### [EXERCISE INPUT]
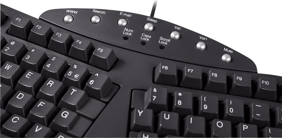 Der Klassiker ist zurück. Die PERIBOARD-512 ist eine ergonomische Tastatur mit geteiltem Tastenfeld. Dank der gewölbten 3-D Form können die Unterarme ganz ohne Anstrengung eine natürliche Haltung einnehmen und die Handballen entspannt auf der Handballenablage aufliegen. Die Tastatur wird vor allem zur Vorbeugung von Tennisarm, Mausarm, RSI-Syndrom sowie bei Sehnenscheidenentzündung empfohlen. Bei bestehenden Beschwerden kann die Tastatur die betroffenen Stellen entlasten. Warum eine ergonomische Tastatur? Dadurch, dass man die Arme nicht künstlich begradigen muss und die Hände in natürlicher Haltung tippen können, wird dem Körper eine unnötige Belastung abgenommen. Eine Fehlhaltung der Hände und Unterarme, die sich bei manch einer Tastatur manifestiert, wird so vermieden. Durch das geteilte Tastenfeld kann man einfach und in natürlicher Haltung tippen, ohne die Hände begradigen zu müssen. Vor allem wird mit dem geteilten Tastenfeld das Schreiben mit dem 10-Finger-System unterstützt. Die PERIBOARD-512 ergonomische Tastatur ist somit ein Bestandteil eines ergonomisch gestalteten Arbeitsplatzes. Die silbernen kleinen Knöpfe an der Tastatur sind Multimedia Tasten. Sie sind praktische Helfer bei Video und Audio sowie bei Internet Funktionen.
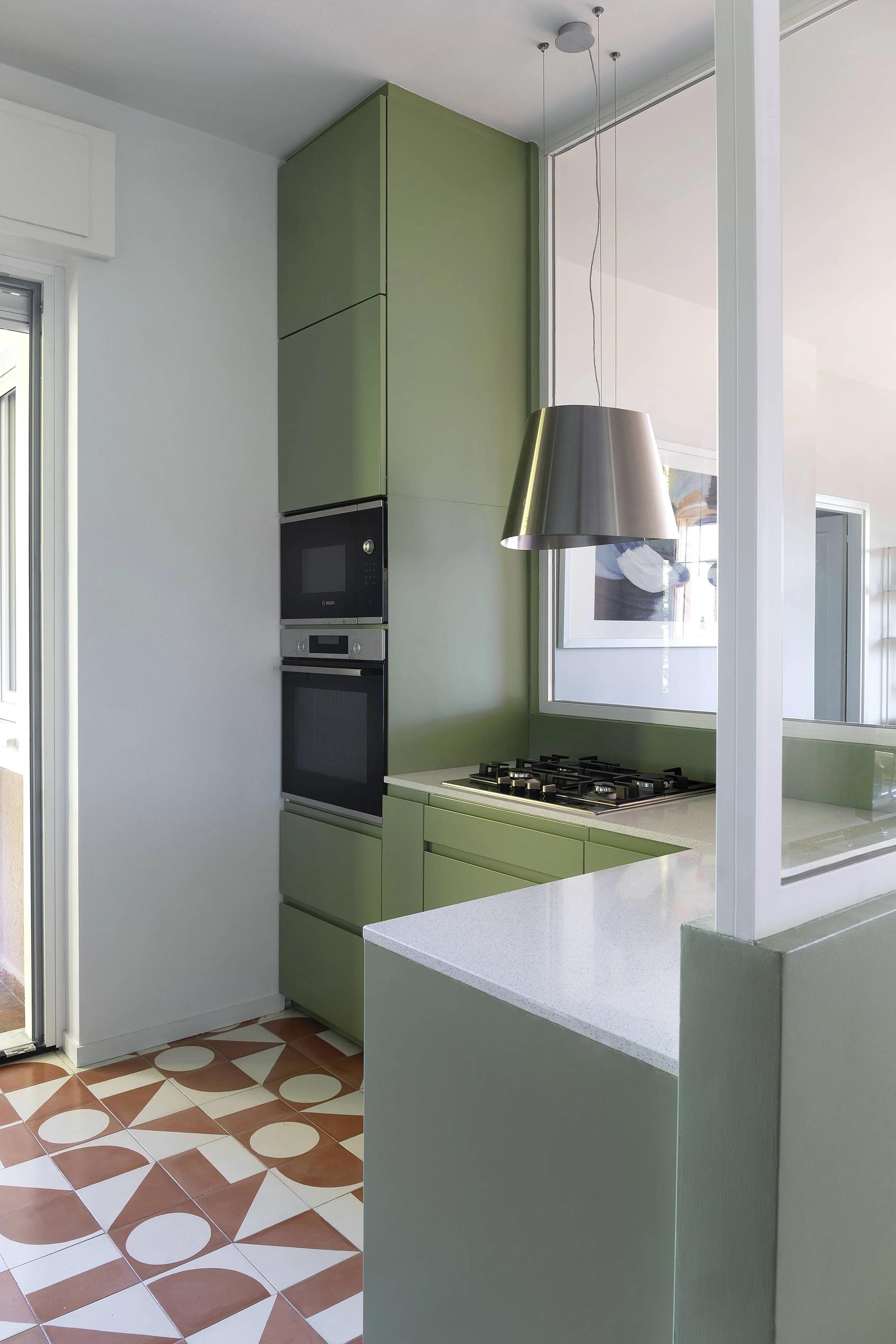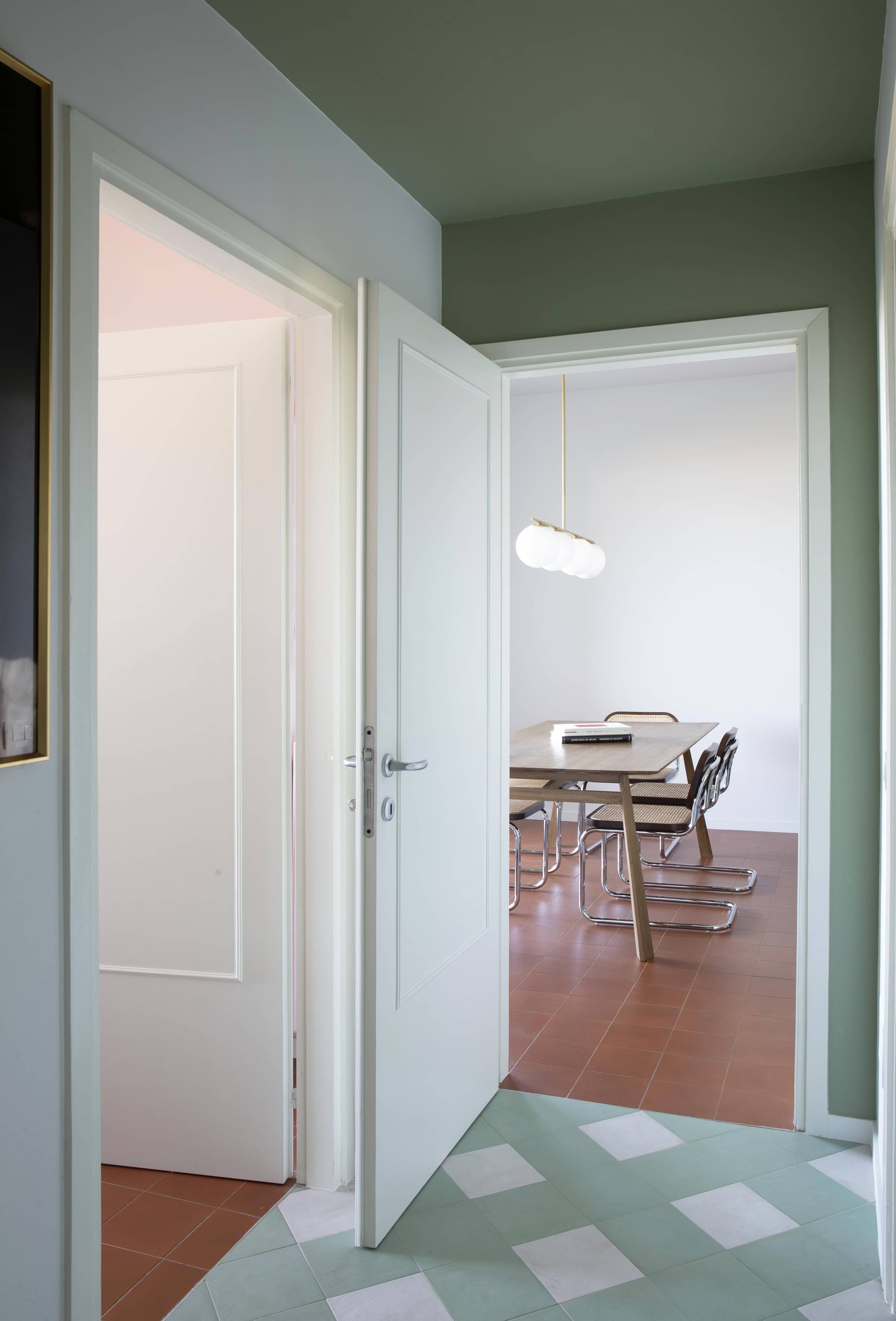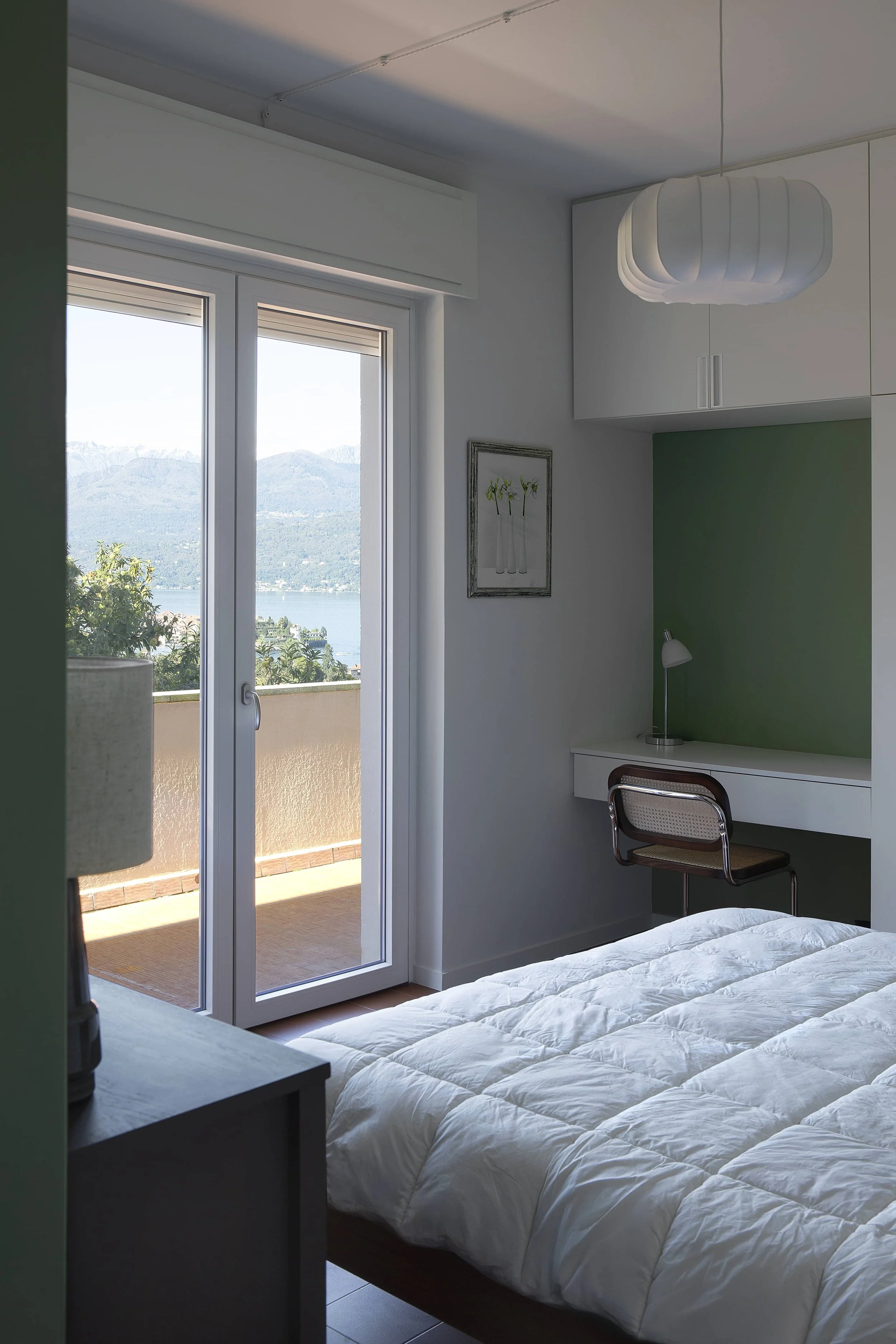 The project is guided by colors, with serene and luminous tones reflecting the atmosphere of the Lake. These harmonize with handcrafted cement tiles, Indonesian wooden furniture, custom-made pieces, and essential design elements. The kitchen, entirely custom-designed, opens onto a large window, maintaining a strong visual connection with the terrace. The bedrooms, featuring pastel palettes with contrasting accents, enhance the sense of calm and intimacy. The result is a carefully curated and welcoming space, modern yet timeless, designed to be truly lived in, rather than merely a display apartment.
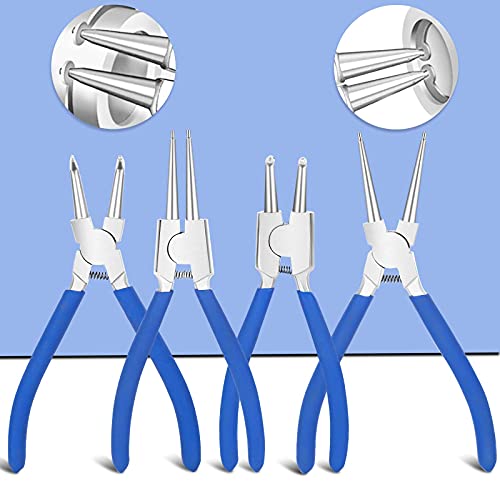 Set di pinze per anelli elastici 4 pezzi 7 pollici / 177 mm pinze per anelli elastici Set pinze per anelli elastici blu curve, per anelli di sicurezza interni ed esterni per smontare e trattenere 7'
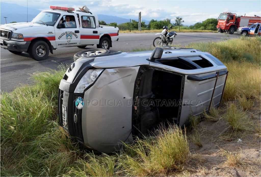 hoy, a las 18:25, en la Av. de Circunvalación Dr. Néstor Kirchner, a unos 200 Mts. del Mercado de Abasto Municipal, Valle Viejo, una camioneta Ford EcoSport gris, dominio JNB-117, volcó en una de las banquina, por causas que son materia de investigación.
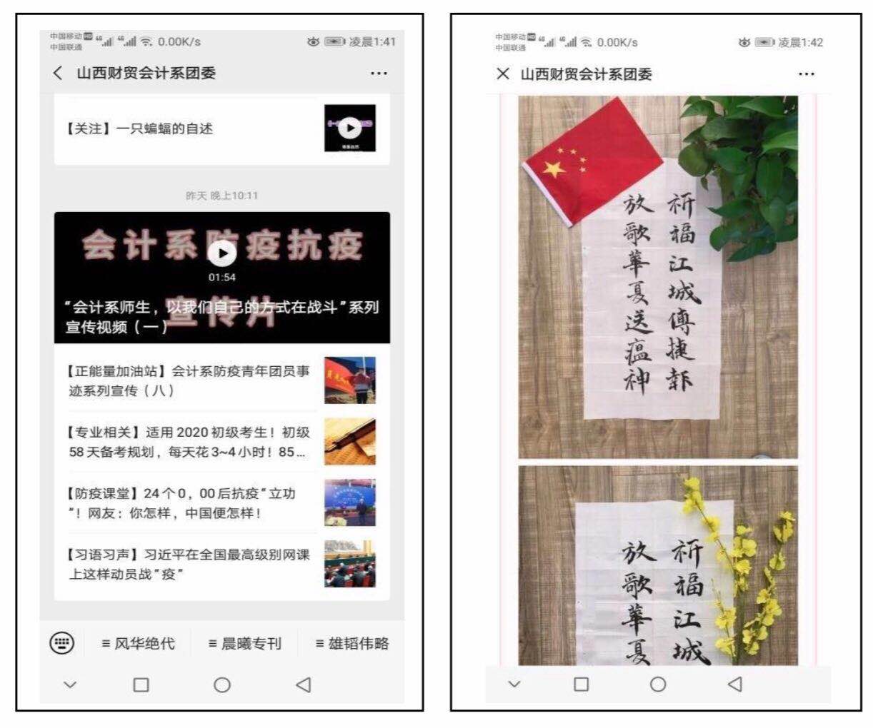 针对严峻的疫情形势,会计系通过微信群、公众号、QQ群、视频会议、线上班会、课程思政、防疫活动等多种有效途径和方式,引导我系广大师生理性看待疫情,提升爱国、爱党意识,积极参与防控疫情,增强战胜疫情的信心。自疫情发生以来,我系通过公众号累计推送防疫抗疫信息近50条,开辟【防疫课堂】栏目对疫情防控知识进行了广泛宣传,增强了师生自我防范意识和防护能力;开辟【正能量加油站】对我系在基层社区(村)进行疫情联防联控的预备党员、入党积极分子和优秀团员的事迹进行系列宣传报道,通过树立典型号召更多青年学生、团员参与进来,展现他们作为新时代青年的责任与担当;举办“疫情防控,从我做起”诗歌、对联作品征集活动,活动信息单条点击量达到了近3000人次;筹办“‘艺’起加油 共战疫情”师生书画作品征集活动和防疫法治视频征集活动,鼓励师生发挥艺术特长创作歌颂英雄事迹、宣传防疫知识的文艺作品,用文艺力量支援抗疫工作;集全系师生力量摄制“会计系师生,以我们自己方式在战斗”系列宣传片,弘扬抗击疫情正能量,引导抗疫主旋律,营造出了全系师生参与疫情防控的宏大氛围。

### [WHAT NEEDS TO BE DONE]
Omit the pictures, and please restate word for word the lines running from the line with "Set di pinze" to the end of the entries.

### [WRITTEN SOLUTION]
 Set di pinze per anelli elastici 4 pezzi 7 pollici / 177 mm pinze per anelli elastici Set pinze per anelli elastici blu curve, per anelli di sicurezza interni ed esterni per smontare e trattenere 7'
 hoy, a las 18:25, en la Av. de Circunvalación Dr. Néstor Kirchner, a unos 200 Mts. del Mercado de Abasto Municipal, Valle Viejo, una camioneta Ford EcoSport gris, dominio JNB-117, volcó en una de las banquina, por causas que son materia de investigación.
 针对严峻的疫情形势,会计系通过微信群、公众号、QQ群、视频会议、线上班会、课程思政、防疫活动等多种有效途径和方式,引导我系广大师生理性看待疫情,提升爱国、爱党意识,积极参与防控疫情,增强战胜疫情的信心。自疫情发生以来,我系通过公众号累计推送防疫抗疫信息近50条,开辟【防疫课堂】栏目对疫情防控知识进行了广泛宣传,增强了师生自我防范意识和防护能力;开辟【正能量加油站】对我系在基层社区(村)进行疫情联防联控的预备党员、入党积极分子和优秀团员的事迹进行系列宣传报道,通过树立典型号召更多青年学生、团员参与进来,展现他们作为新时代青年的责任与担当;举办“疫情防控,从我做起”诗歌、对联作品征集活动,活动信息单条点击量达到了近3000人次;筹办“‘艺’起加油 共战疫情”师生书画作品征集活动和防疫法治视频征集活动,鼓励师生发挥艺术特长创作歌颂英雄事迹、宣传防疫知识的文艺作品,用文艺力量支援抗疫工作;集全系师生力量摄制“会计系师生,以我们自己方式在战斗”系列宣传片,弘扬抗击疫情正能量,引导抗疫主旋律,营造出了全系师生参与疫情防控的宏大氛围。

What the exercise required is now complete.